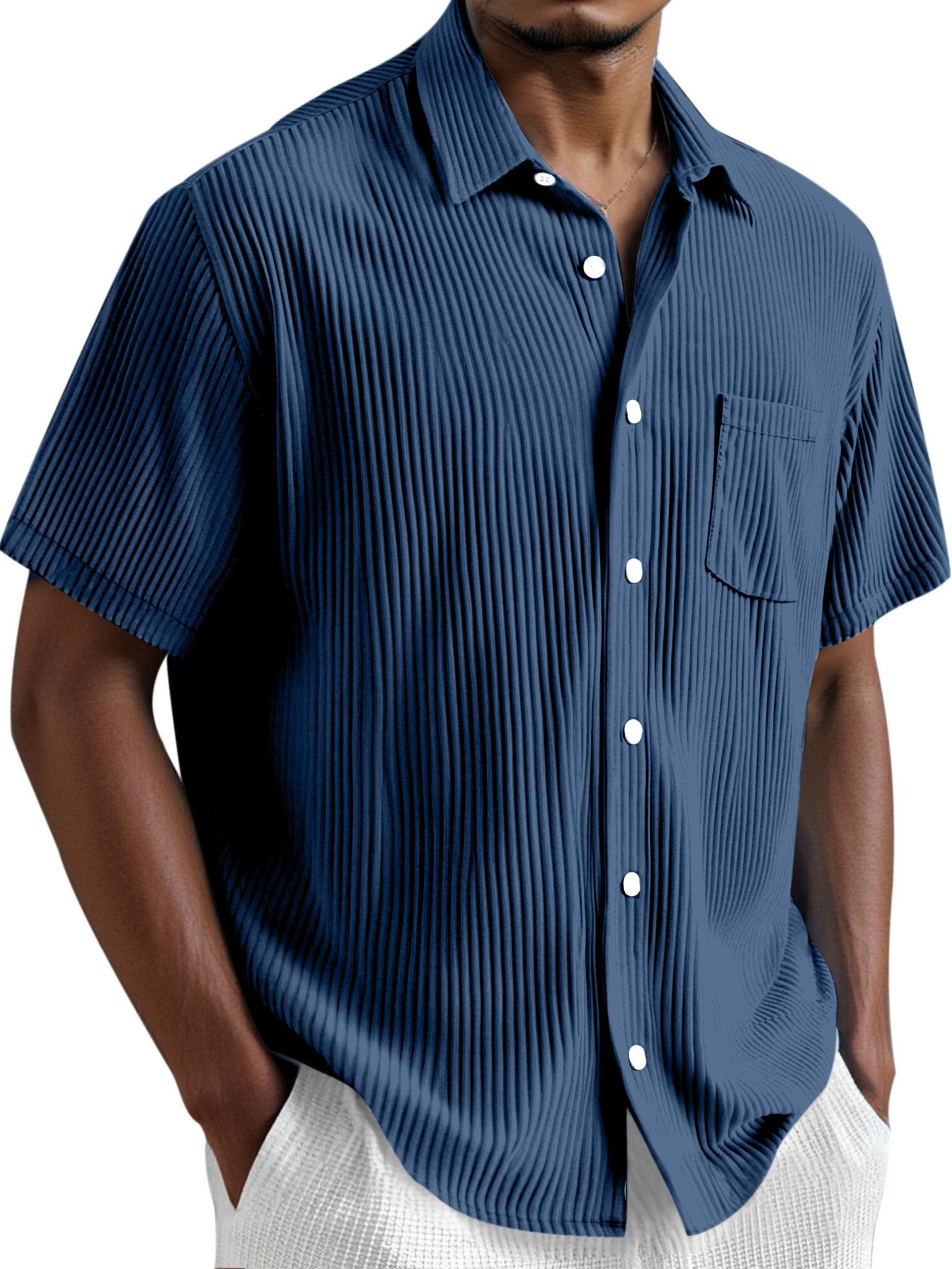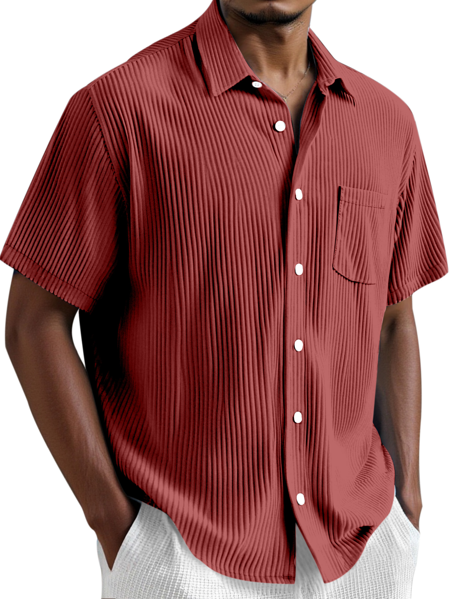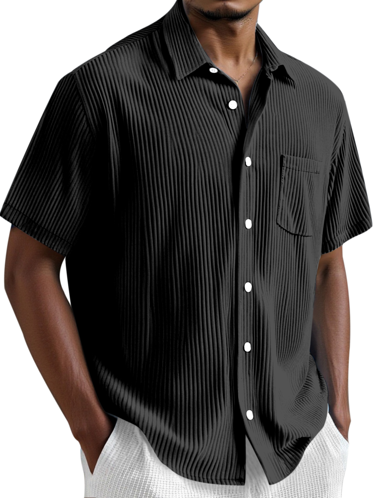 Men's Simple Solid Color Vertical Pit Short Sleeve Shirt
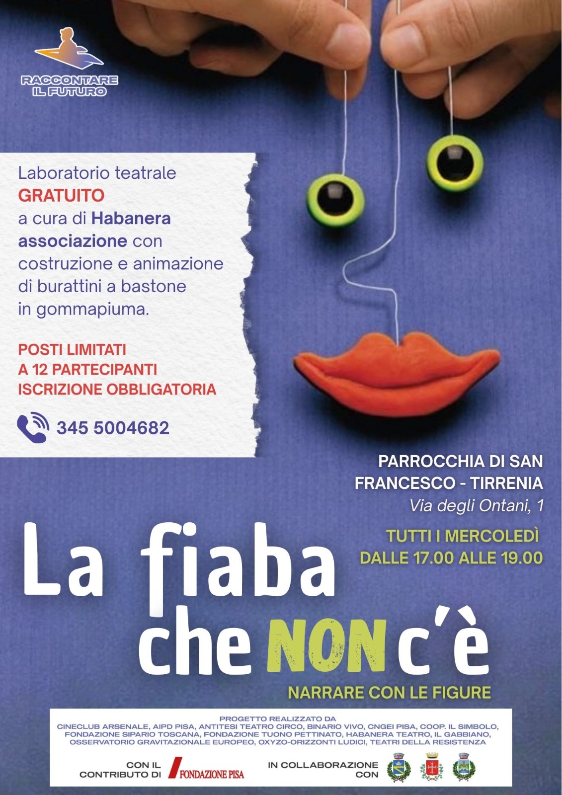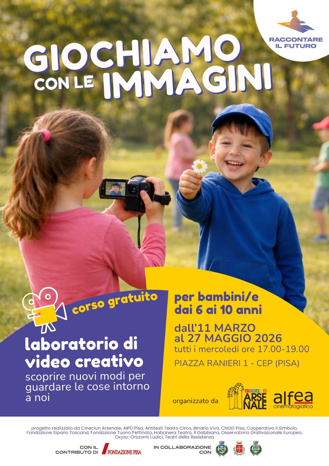 Partner del Progetto: Raccontare il futuro è realizzato in collaborazione con i Comuni di Pisa, Cascina e San Giuliano Terme. Il capofila Cineclub Arsenale di Pisa ha come partner: AIPD Pisa, Antitesi Teatro Circo, Binario Vivo, CNGEI Pisa, Coop. Il Simbolo, Fondazione Sipario Toscana, Fondazione Tuono Pettinato, Habanera Teatro, Il Gabbiano, Osservatorio Gravitazionale Europeo, OxyzO-Orizzonti Ludici, Teatri della resistenza.
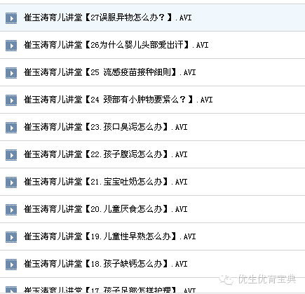 好消息,自即日起关注本公众平台,回复“育儿讲堂”即可免费获得“育儿名师崔玉涛育儿讲堂视频”全套资料共77集,育儿名师马上带回家!(部分内容如下)快点行动起来吧~

_Task instructions_: Without including the pictures, copy all of the data exactly.

_Answer space_:
 Men's Simple Solid Color Vertical Pit Short Sleeve Shirt
 Partner del Progetto: Raccontare il futuro è realizzato in collaborazione con i Comuni di Pisa, Cascina e San Giuliano Terme. Il capofila Cineclub Arsenale di Pisa ha come partner: AIPD Pisa, Antitesi Teatro Circo, Binario Vivo, CNGEI Pisa, Coop. Il Simbolo, Fondazione Sipario Toscana, Fondazione Tuono Pettinato, Habanera Teatro, Il Gabbiano, Osservatorio Gravitazionale Europeo, OxyzO-Orizzonti Ludici, Teatri della resistenza.
 好消息,自即日起关注本公众平台,回复“育儿讲堂”即可免费获得“育儿名师崔玉涛育儿讲堂视频”全套资料共77集,育儿名师马上带回家!(部分内容如下)快点行动起来吧~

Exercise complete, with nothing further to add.